Actually both yes and no.

First of all, just to remind you, McCabe metric for cyclomatic complexity is calculated on control flow graph where you abstract your source code to a directed graph with basic blocks or statements being the nodes and the transitions between them (either by normal control flow downward or in case of conditioned jumps and loops) being edges. The cyclomatic complexity here can be roughly (if you consider your whole program to have no isolated code, i.e. your graph is connected) seen as the difference between the number of edges and number of nodes.

CC = E - N

Reachability problem is a common problem in graph theory that can be expressed in the way: given two nodes A and B, is the node B reachable from node A, i.e. can one reach B starting from A and following the edges of the graph in correct direction? So, it is again the metric that is applicable to the control flow graph and not on the code.

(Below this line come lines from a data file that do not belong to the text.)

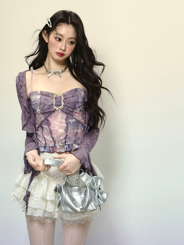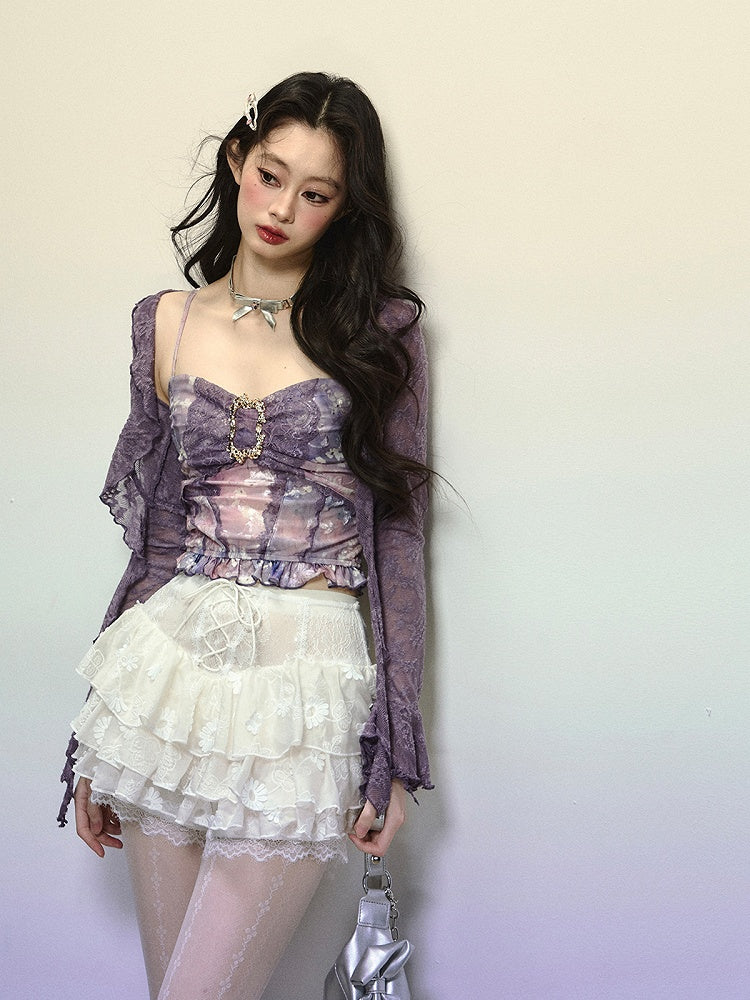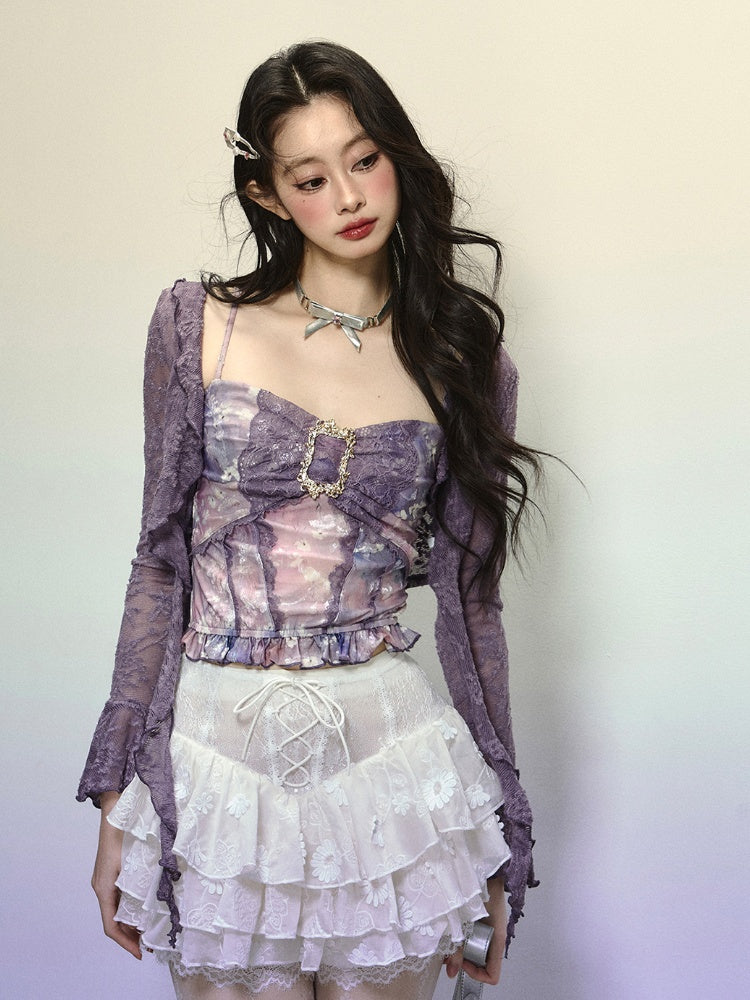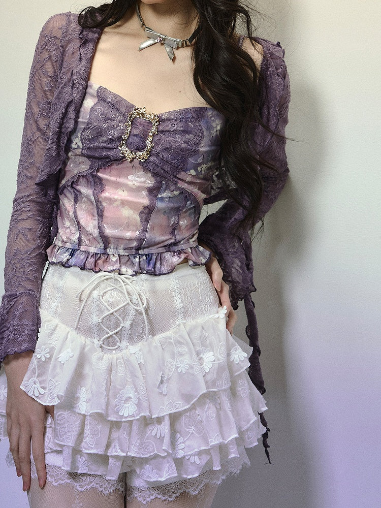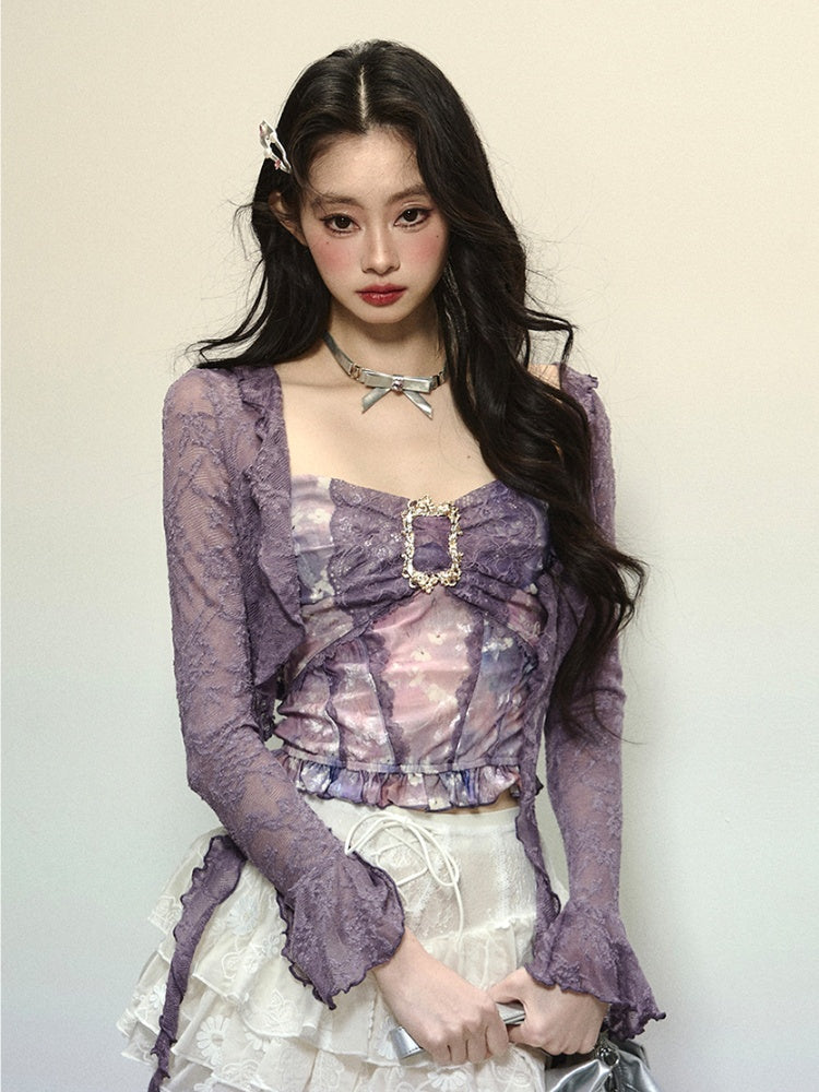 Lavendelfarbenes, halbtransparentes Spitzentop mit offener Knopfleiste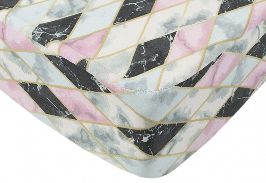 Простынь на резинке Iris home выполнена в серо-розовом цвете с узором геометрия из 100% хлопка, ранфорс. Простынь не скатывается с матраса, легко одевается и надеждно крепится с помощью резинки по периметру. Приятная на ощупь, плотная, практичная и долговечная, хорошо выдерживает частые стирки.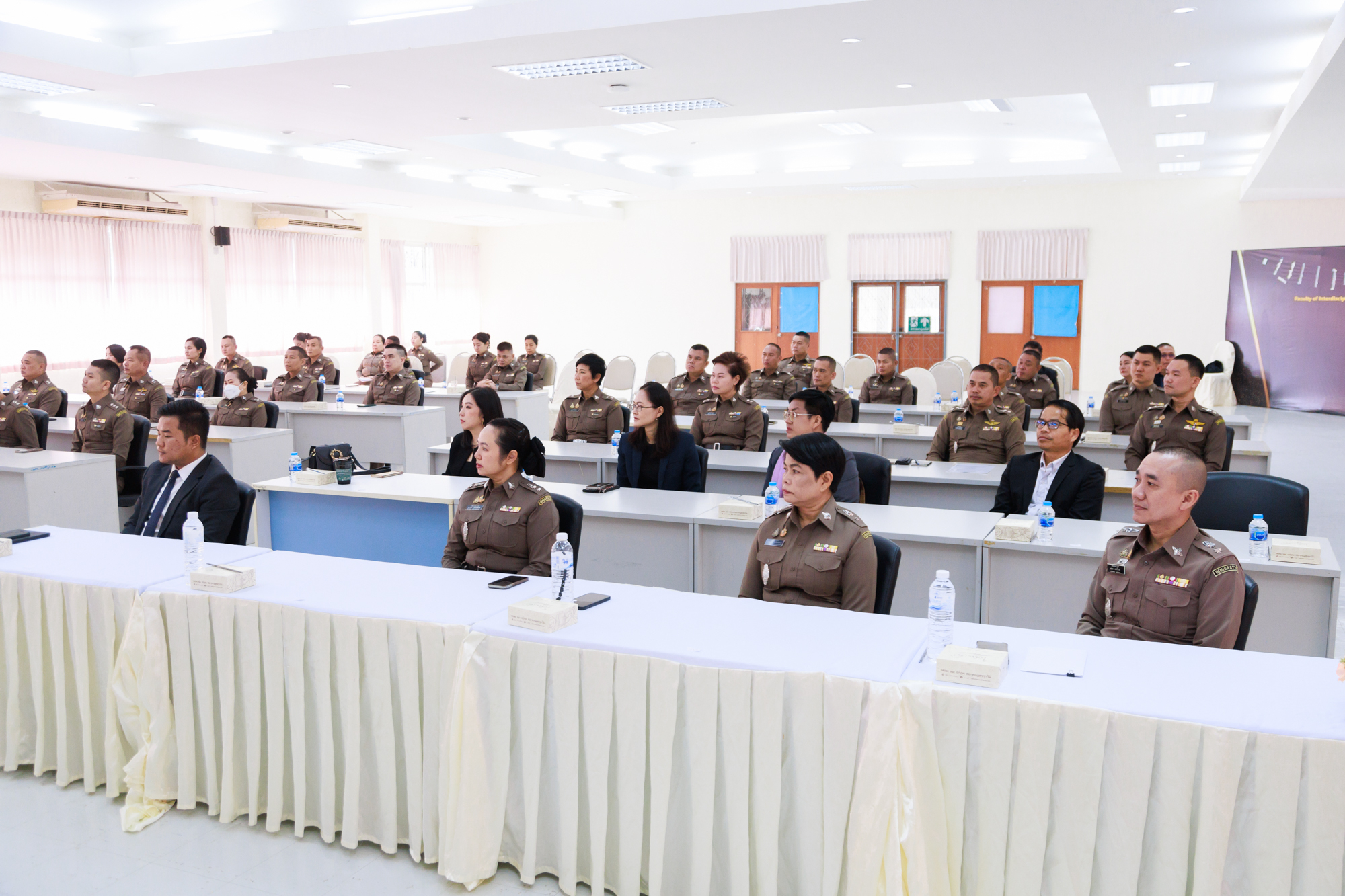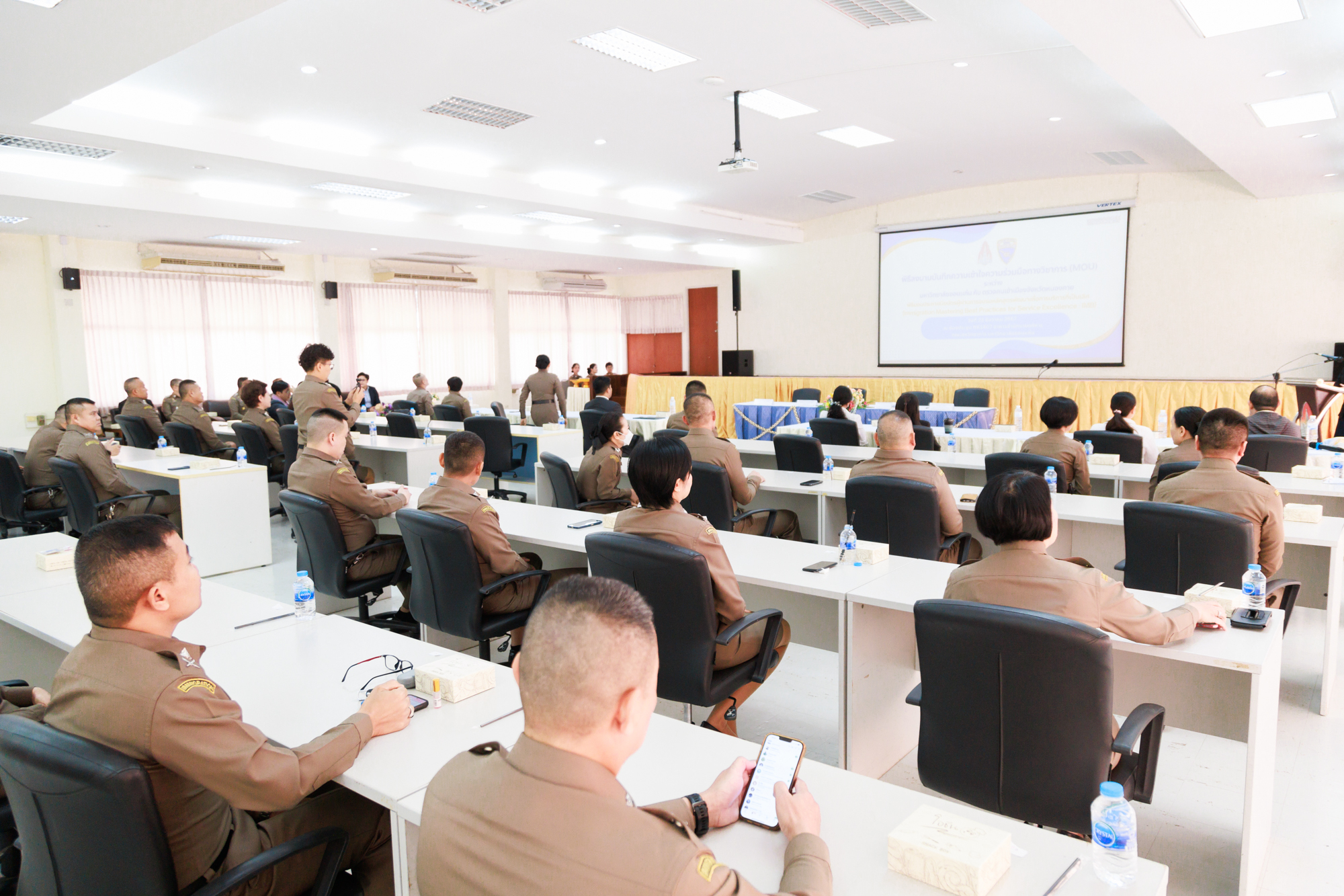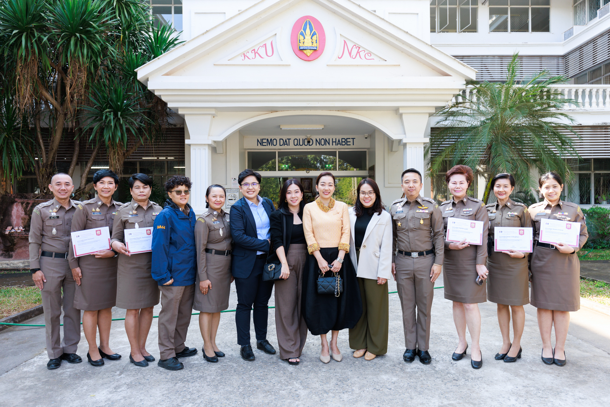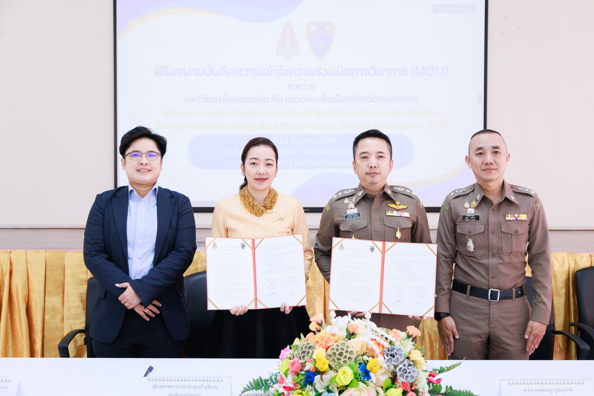 วันที่ 23 ธันวาคม 2567 ณ ห้องประชุม NK1407 อาคารสำนักงานบริหาร คณะสหวิทยาการ มหาวิทยาลัยขอนแก่น จัดพิธีลงนามบันทึกความเข้าใจความร่วมมือทางวิชาการ (MOU) ระหว่างมหาวิทยาลัยขอนแก่น กับ ตรวจคนเข้าเมืองจังหวัดหนองคาย เพื่อสร้างเครือข่ายความร่วมมือทางวิชาการและสถาบันต่างประเทศ ตรวจคนเข้าเมืองจังหวัดหนองคาย ได้จัดโครงการอบรมหลักสูตรพัฒนาเพื่อการเป็นเลิศ (Immigration Mastering Best Practices For Service Excellence : IMB) โดยความร่วมมือกับคณะสหวิทยาการ มหาวิทยาลัยขอนแก่น ปรึกษาหารือถอดแบบปัญหาจากการปฏิบัติงานตรวจคนเข้าเมืองจริง จัดอบรมภาคทฤษฎีและภาคปฏิบัติและประเมินผลคะแนนโดยคณะอาจารย์ผู้สอน แบ่งเป็นทั้งหมด 4 หลักสูตรวิชา ได้แก่ 1.ภาษาอังกฤษเพื่อการสื่อสารในบริบทตรวจคนเข้าเมือง 2.การสื่อสารและการบริการที่เป็นเลิศ 3.Data Storytelling 4.กฏหมายที่เกี่ยวข้องกับการปฏิบัติงาน ผู้เข้าอบรมจำนวน 60 นาย ใช้เวลาอบรมทั้งสิ้นกลุ่มละ 18 ชั่วโมง แบ่งเป็น 2 กลุ่ม รวมระยะเวลาอบรมโครงการ 6 สัปดาห์ ตั้งแต่วันที่ 19 ตุลาคม 2567 – วันที่ 27 พฤศจิกายน 2567

There are several ways to apply this problem to the control flow graph. One way is so-called "variable reachability analysis", meaning that for the given variable the analysis determines whether its value is still available at certain program point (this technique is also called slicing in software analysis). I also found only some articles that use this term (and generally the reachability problem) for multi-threaded applications.

Basically one can see some sort of correlation between the CC and reachability: with the increase of CC the ratio of edges over nodes also increases and even in case of a directed graph where the direction of the edge is also important, one can speculate that increasing the number of edges eventually leads to the increase of available paths in the graph and thus to increases reachability either via direct or indirect connections between the nodes. So, the answer is Yes here.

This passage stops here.